Décidé dès 2002 par la Direction Générale des Impôts (DGI), le projet de numérisation du cadastre français vient enfin d'aboutir. Le groupe Thalès, qui avait remporté en 2006 l'appel d'offre européen lancé par la DGI, devait assurer la mise en place d'un portail de consultation et de téléchargement du plan cadastral national, soit près de 600.000 feuilles représentant un volume de données estimé à 220 Go.

accueil

Le site cadastre.gouv.fr, lancé début février en version bêta, propose dès à présent la consultation des plans cadastraux de 52 départements français vectorialisés (format DXF-PCI norme EDIGEO) ou simplement scannés (fichiers bitmap en format Tiff), et à terme l'ensemble du territoire Dom compris.
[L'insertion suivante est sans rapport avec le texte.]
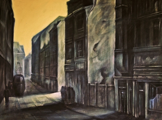 Geiststraße in Halle, 1987, Temperafarbe/ Ölfarbe auf Leinwand, 100 x 130 cm
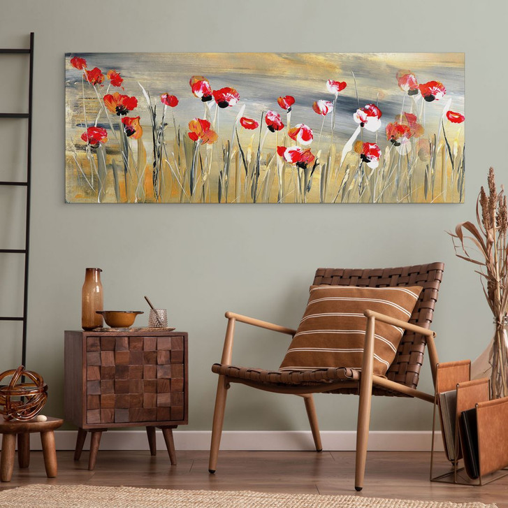 Erlebe die frische Lebendigkeit einer blühenden Blumenwiese in den eigenen vier Wänden. Dieses farbenfrohe Motiv zeigt eine Fülle von roten und orangefarbenen Blumen, die in einem stilisierten, modernen Stil dargestellt sind. Die leuchtenden Farben der Blumen heben sich lebhaft vom sanft strukturierten Hintergrund ab, der in dezenten Grau- und Beigetönen gehalten ist. Diese Kombination aus intensiven Farbakzenten und beruhigenden Hintergrundnuancen verleiht dem Bild eine besondere Dynamik und Harmonie.
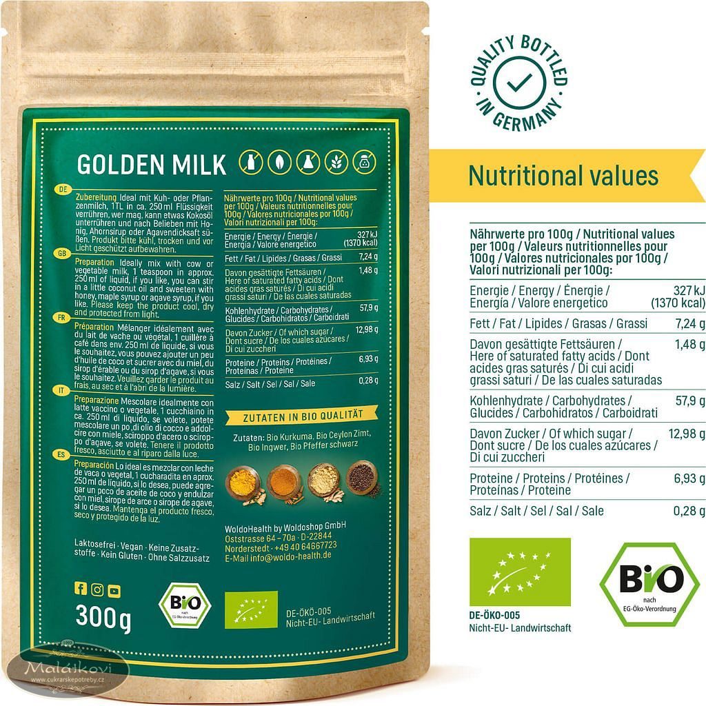 Zlaté mléko je tradiční ajurvédský nápoj ze směsi kurkumy, zázvoru, skořice a černého pepře v organické kvalitě.
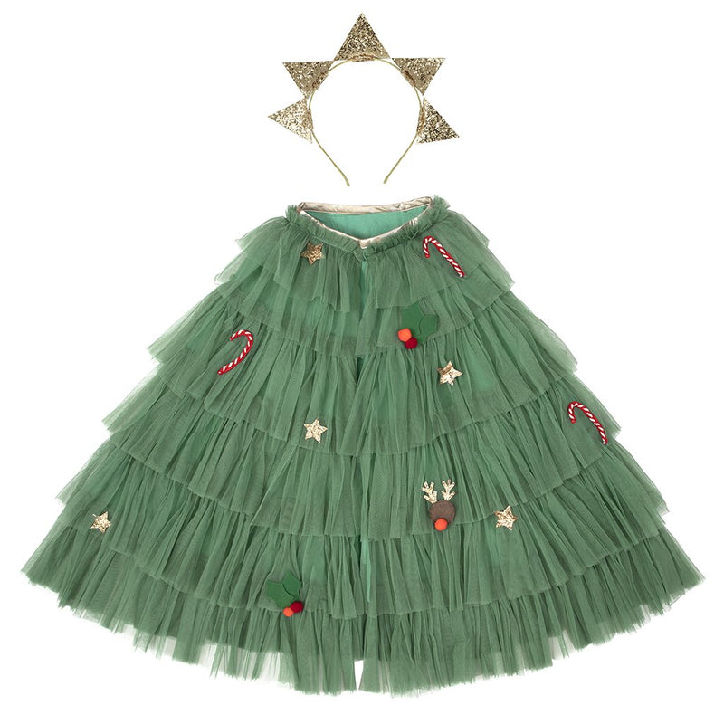 Fint kostume fra Meri Meri som kan forvandle ethvert lille barn, til det sødeste juletræ du nogensinde har set! Sættet består af en kappe som ligner et dekoreret juletræ samt en hårbøjle som danner stjerne. Perfekt til leg og udklædning, og det ultimative festtøj til juleaften. Fås i one-size og passer 3-6 år.
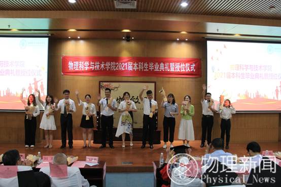 In order to welcome the centenary of the founding of the Party, before the ceremony, all teachers and students watched the MV song "Youth", which was the theme of the centenary of the founding of the Party, paying tribute to the Party, feeling the kindness of the Party and following the Party. Teacher Chen Xi announced the commencement of the 2021 Undergraduate Graduation Ceremony of the College of Physical Science and Technology. All the teachers and students stood up and sang the national anthem.
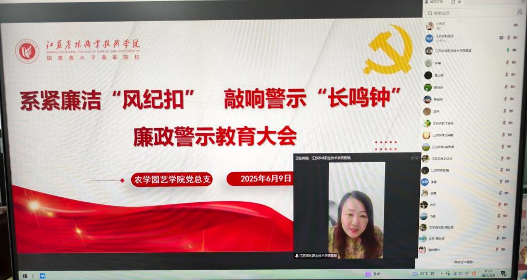 为深入学习贯彻习近平总书记关于全面从严治党的重要论述,全面落实新时代党的建设总要求,进一步强化教职工廉洁自律意识,6月9日中午,农学园艺学院党总支以线上形式召开“系紧廉洁‘风纪扣’,敲响警示‘长鸣钟’”廉政警示教育专题会议。学院党政领导班子成员及全体教职工通过视频连线参会,共筑拒腐防变思想堤坝,共绘清廉校园建设蓝图。
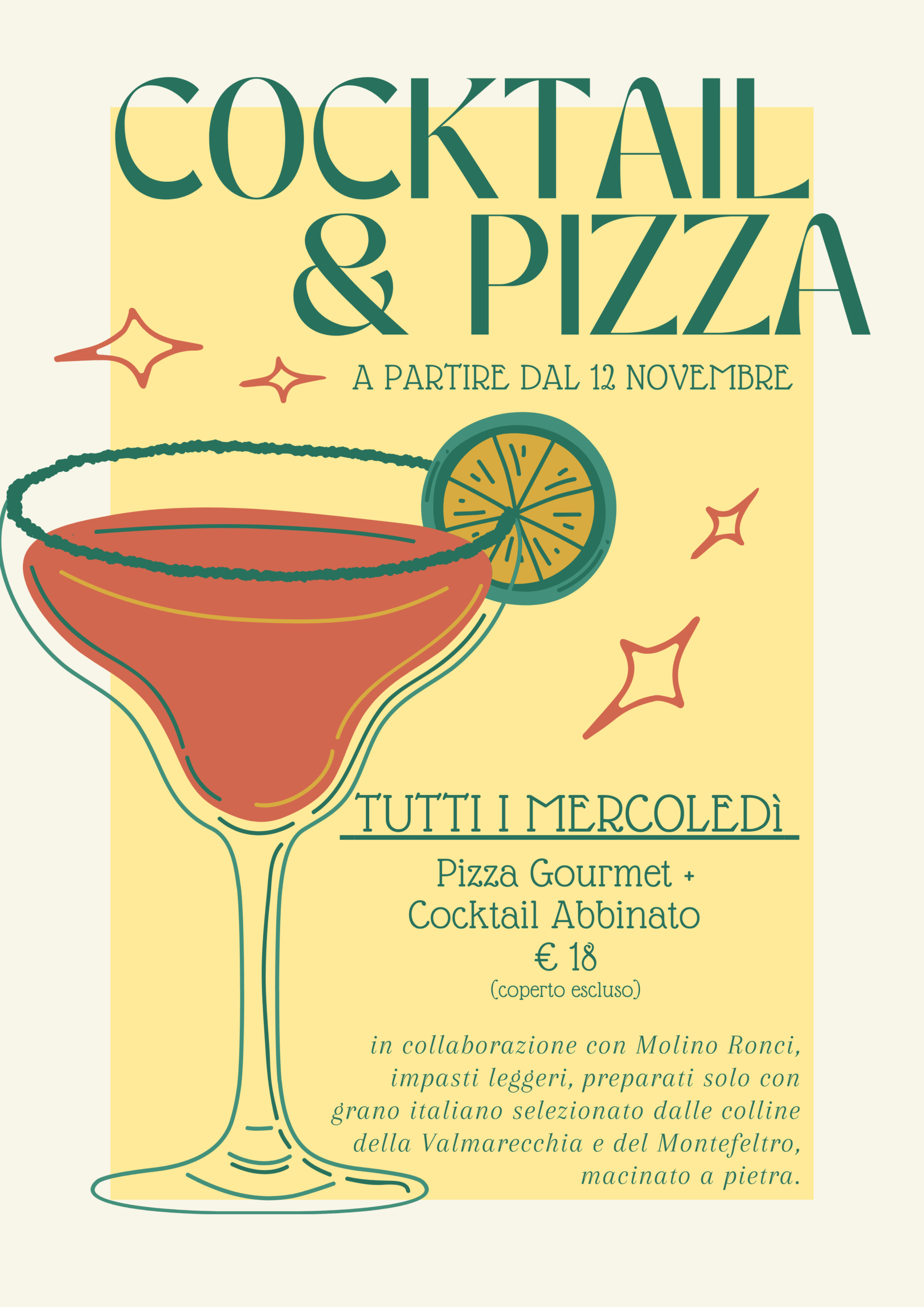 Dal 12 novembre, ogni mercoledì, ti aspetta Cocktail & Pizza:

L'utilisation est aisée au premier abord. Une fois sélectionnés les critères de recherche (par lieu ou référence parcellaire), on accède à une interface de navigation relativement simple permettant une visualisation rapide du plan (déplacement facile, zoom...), mais également la consultation de certaines informations intéressantes.

trois niveaux de détail

Ainsi, il est possible de :

  • mesurer (distance, surface, périmètre, angle),
  • dessiner (lignes, annotations...),
  • s'informer sur une parcelle (référence, surface et adresse, voir photo ci-dessous),
  • télécharger au format PDF un aperçu du plan consulté en A4 ou A3, d'échelle variant entre 1/200è et 1/1000è.
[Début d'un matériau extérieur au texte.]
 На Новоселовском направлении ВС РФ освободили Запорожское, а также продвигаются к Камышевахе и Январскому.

exemple d'information parcellaireA noter que toutes ces fonctions sont disponibles pour les plans vectorisés ET scannés, qu'elles ne nécessitent aucun enregistrement préalable et que leur utilisation est donc anonyme et gratuite.

Bon, seul bémol, la zone de visualisation du plan est riquiqui (484x345 mini) et peu redimensionnable (678x485 max), alors que Geoportail ou Google Earth permettent des affichages écran beaucoup plus grands.

La version finale du site permettra la création de comptes client, et autorisera la commande ou le téléchargements d'extraits du plan en grand format A0 pour 9€50. D'accord, c'est un peu cher pour le particulier lambda, mais c'est à comparer avec le prix souvent pratiqué pour la reproduction de documents par nombres de collectivités. En outre, il faut se souvenir que beaucoup de communes n'autorisent pas la reproduction de leur plan cadastral par scannage ou photocopie...

Cette entreprise, remarquable par l'ampleur de la démarche engagée, est à rapprocher de celle engagée par l'IGN avec le Géoportail (mais dont tous les services un tant soit peu novateur sont payants) ou de nombreuses bibliothèques anglo-saxonnes qui mettent en ligne des parties considérables de leur collections (je pense à la Bibliothèque du Québec. En tout cas, elle replace l'administration française, guère réputée pour son interactivité, dans le peloton de tête des administrations numériques.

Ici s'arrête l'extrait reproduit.